What this task involves -
Reproduce word for word every line from the one containing "Tento drevený stôl" to the final line of the data below; omit the pictures.

Data shown -
[Start of section]

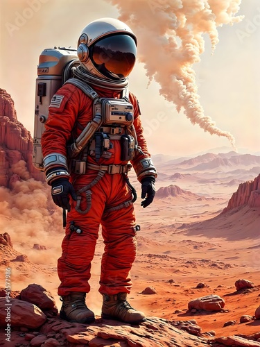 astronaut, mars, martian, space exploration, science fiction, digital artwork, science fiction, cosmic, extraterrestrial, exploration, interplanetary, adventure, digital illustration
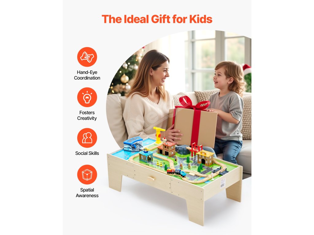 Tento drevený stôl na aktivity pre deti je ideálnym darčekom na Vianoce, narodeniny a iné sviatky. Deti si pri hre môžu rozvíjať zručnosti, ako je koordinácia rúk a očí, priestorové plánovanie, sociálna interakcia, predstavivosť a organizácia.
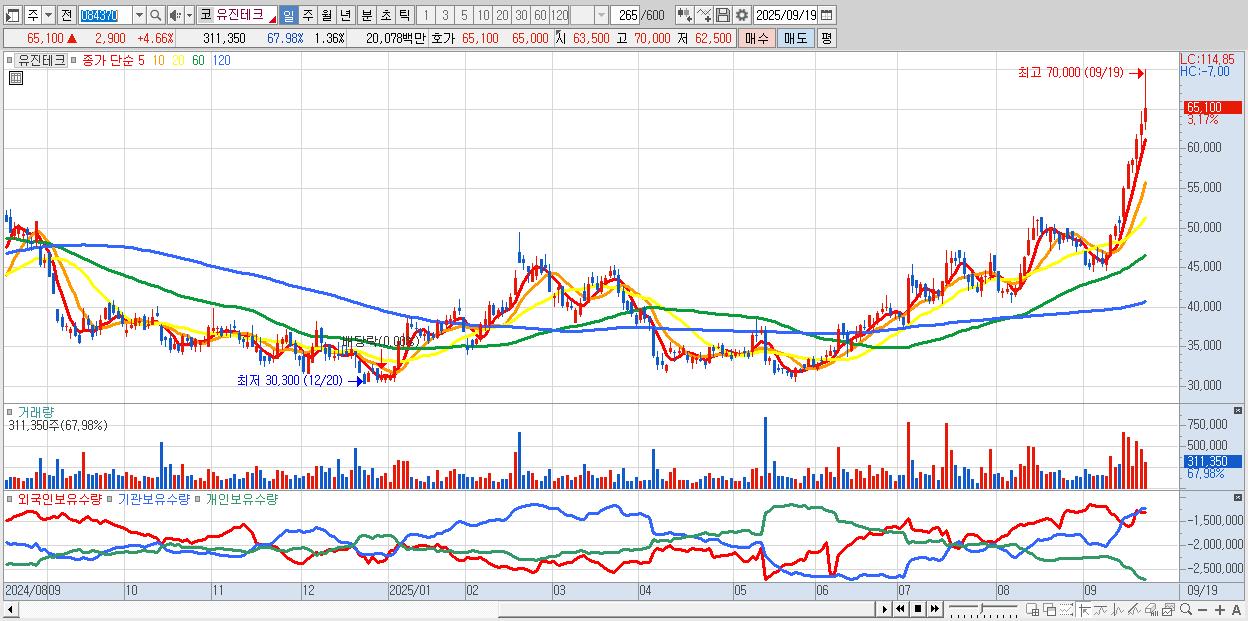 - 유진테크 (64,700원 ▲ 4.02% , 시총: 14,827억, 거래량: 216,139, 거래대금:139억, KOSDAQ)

[End of section]

Answer for this exercise -
 Tento drevený stôl na aktivity pre deti je ideálnym darčekom na Vianoce, narodeniny a iné sviatky. Deti si pri hre môžu rozvíjať zručnosti, ako je koordinácia rúk a očí, priestorové plánovanie, sociálna interakcia, predstavivosť a organizácia.
 - 유진테크 (64,700원 ▲ 4.02% , 시총: 14,827억, 거래량: 216,139, 거래대금:139억, KOSDAQ)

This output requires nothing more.